RECORDED INFORMATION —
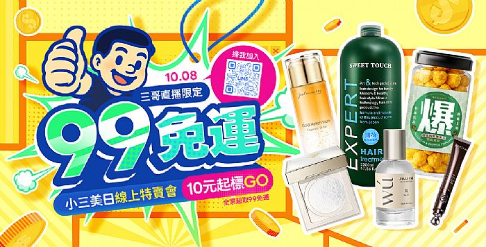 活動三:10/29(三)三哥直播99免運,滿699折50
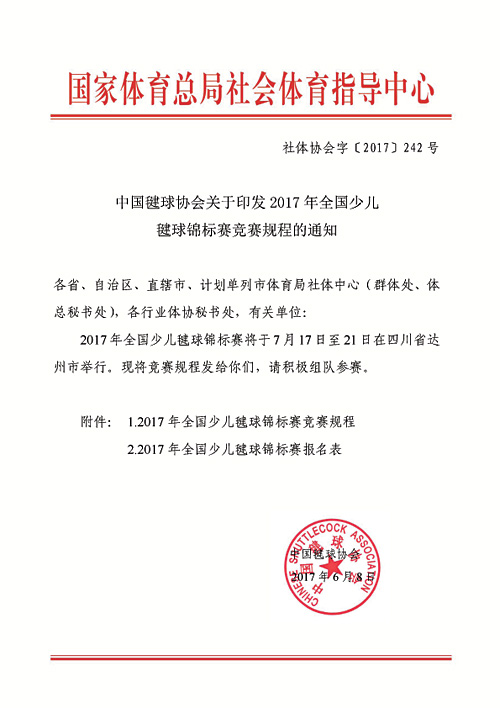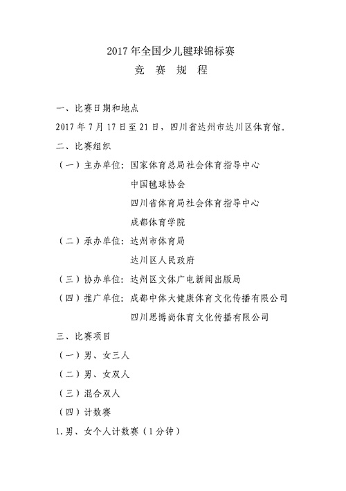 2017年全国少儿毽球锦标赛竞赛规程
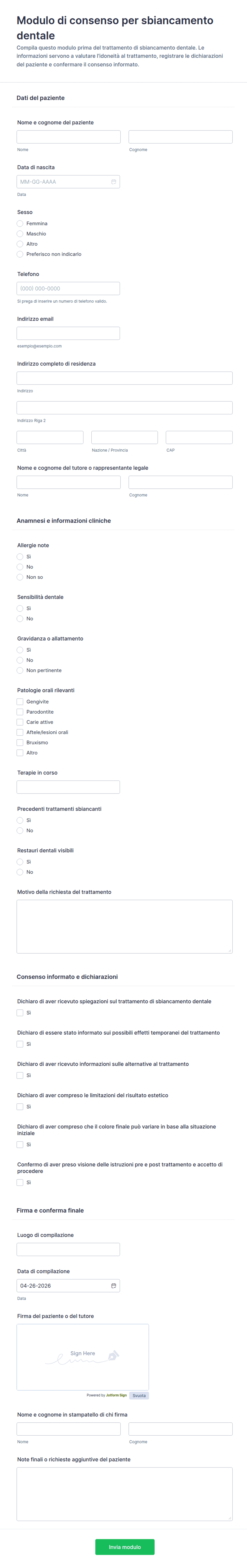 Raccogli il consenso informato per trattamenti odontoiatrici con un modello di modulo Jotform, utile per studi dentistici e cliniche per gestire autorizzazioni, firme e data collection online in modo ordinato.
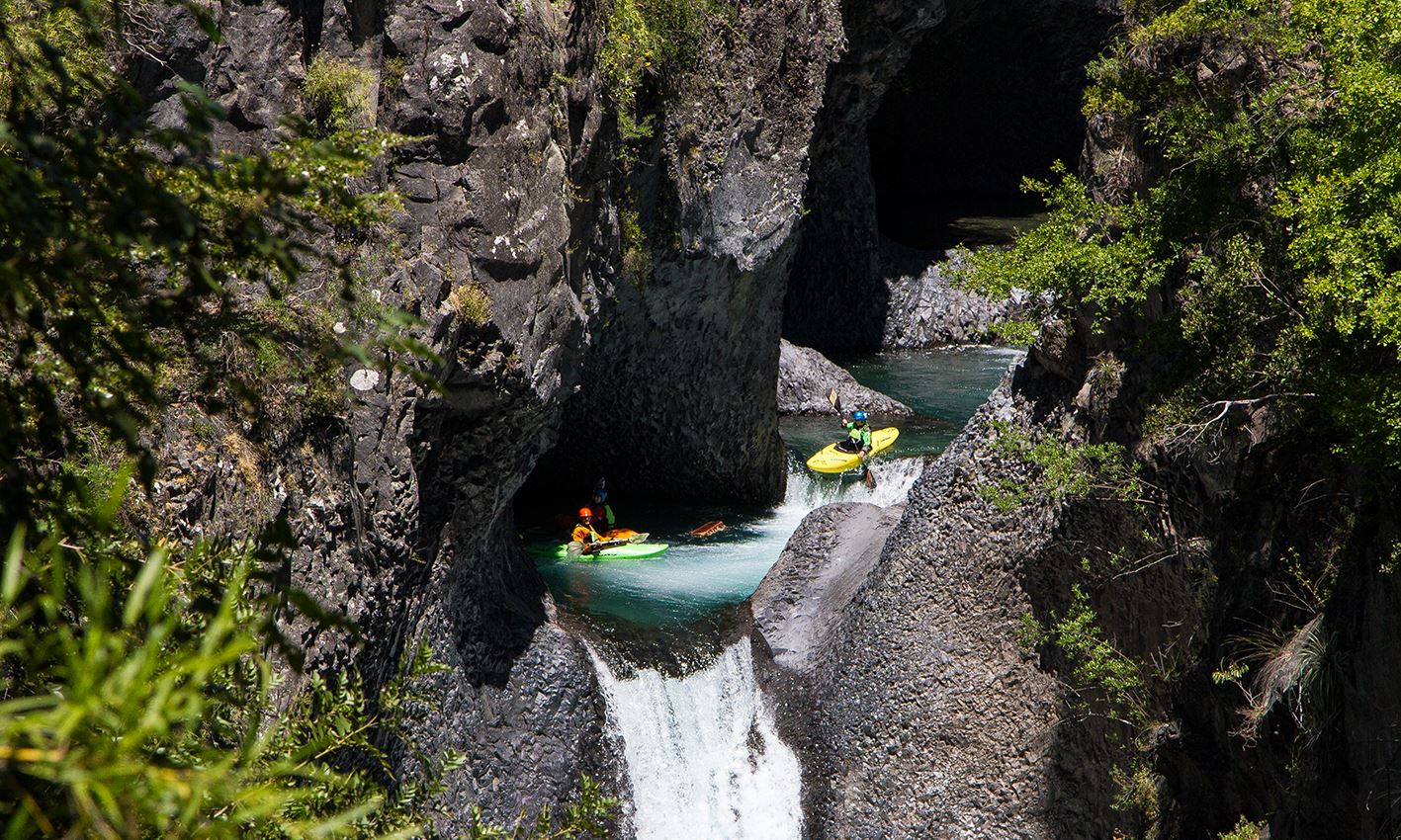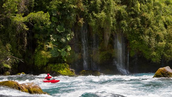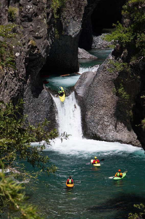 Weicher als die geboofte Landung am Palquin ist der Run auf dem unteren Fuy (je nach Wasserstand WW-III bis IV). Unübertoffen ist dieser Parade-Fluss allerdings im Oberlauf. Nachdem uns der Fuy auf traumhaften Wildwasser im oberen vierten Grad schmeichelt, setzt er mit dem Salto de Leones dem ganzen die Krone auf. Mehrere Stufen und ein ca. sieben Meter hoher Wasserfall bilden das Highlighgt der Fuy-Befahrung.

REQUIREMENT — Emit the lines of the material exactly, from its first line to the line containing "Raccogli il consenso", inclusive; leave every picture out.

WRITTEN SOLUTION —
 活動三:10/29(三)三哥直播99免運,滿699折50
 2017年全国少儿毽球锦标赛竞赛规程
 Raccogli il consenso informato per trattamenti odontoiatrici con un modello di modulo Jotform, utile per studi dentistici e cliniche per gestire autorizzazioni, firme e data collection online in modo ordinato.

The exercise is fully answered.